Total, Stellantis, LVMH, Sanofi…: French locomotives are holding up for the moment
Posted Jul 28, 2022 5:57pmUpdated July 28, 2022 at 6:28 p.m
Looking in the rear-view mirror, the majority of the big French groups can congratulate themselves on the progress made in the first half. In a more than chaotic context – from the return of war on European soil to inflation from China’s “zero Covid” policy – many representatives of the CAC 40 are posting good, even very good financial results.
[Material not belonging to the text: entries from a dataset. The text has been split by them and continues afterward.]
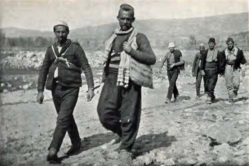 After the conference on Bigla Dagh, the voivodas, with their bands, separated, bound in different directions on various missions. Boris Sarafoff, with ninety men, dropped south from Bigla Dagh around Florina to convey news of the revolution’s end to certain other bands, and to gather arms from the peasants. The band were destined ultimately to return to Bulgaria, 120 miles away; but they were doomed to cover several times this distance, spending thirty-four days, on the march back to the free land.
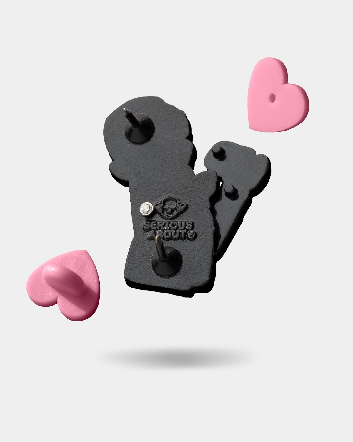 - Each pin is made and painted by hand, so there may (or may not) be slight differences in color and a small notch on the side, where the pin is attached when being painted.
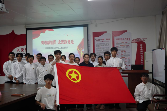 青年兴则国兴,青年强则国强。党有号召,团在行动,共青团员争做时代接班人。2024年12月6日晚上,我院在汽车工程学院1+x实训室二楼会议室举行“青春献祖国,永远跟党走”为主题的新发展团员入团仪式。此次入团仪式由周庆德同学主持,参加此次入团仪式的有汽车工程学院团委书记史孝花老师、汽车工程学院学生党支部王丽静老师、周伟一老师,以及在校的新老团员。本次入团仪式议程共有九项。
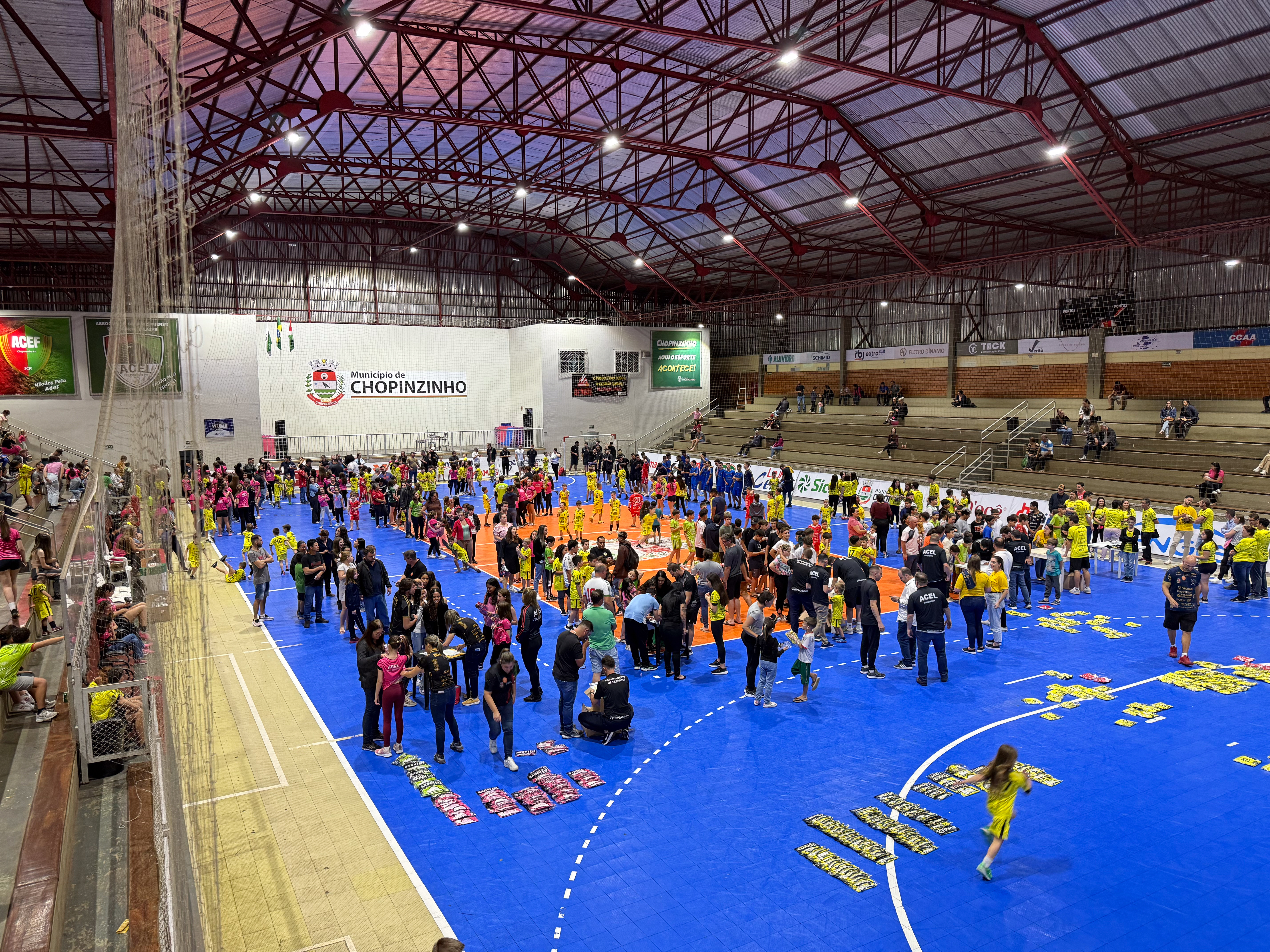 A quarta-feira foi marcada por um momento especial no Ginásio Deonisto Debona: a entrega oficial dos uniformes para os alunos das escolinhas esportivas de Chopinzinho. Em parceria com a Administração Municipal, a ACEL realizou a distribuição de kits completos para as crianças e adolescentes que integram as modalidades de base — futsal, voleibol, badminton e taekwondo.

In this uninterrupted salvo of financial publications, Total, Air Liquide, Stellantis, Airbus, Schneider Electric, Sanofi, LVMH (owner of “Echos”) or Saint-Gobain raised the earnings bar at the beginning of the year. Some have been driven by the rise in energy prices, others by consumers’ renewed appetite or their ability to impose price increases on their customers.
drop the masks
Other big names in French capitalism have finally blamed the fallout from the health crisis. The rooms of the Accor hotels are occupied again, the SNCF TGVs are filling up with passengers. Even Unibail has returned to normal crowds in its malls. “At the beginning of the second quarter, masks were still mandatory on public transport, but as soon as this was lifted, the number of visitors increased again,” emphasizes Jean-Marie Tritant, CEO of Unibail-Rodamco-Westfield.
But the sky of the tricolor economy is far from clear. Not to mention the EDF case, bathed in very bright red by the throes of the atom, inflation, galloping at different speeds depending on the sector, has put a certain number of sectors under severe pressure. Starting with the great food chain, where some links struggle more than others. If Carrefour, like Danone, was able to digest the labels’ waltz perfectly, this is less true of Casino or the Bel Group, the manufacturer of the laughing cow, or Nestlé, which is certainly Swiss.
In short, those who arrive weakened in times of severe turbulence are in contention as always, while those returning with a triumphant record seize the opportunity to widen the gap. The latter can therefore look calmly, but with a touch of concern, to the second half of the year, which will be clearly characterized by the consequences of inflation on purchasing power, the approaching peak of the Russian gas crisis, the weak euro and the strong dollar and the tormenting lack of staff. The possible (probable?) onset of a recession is now on everyone’s lips.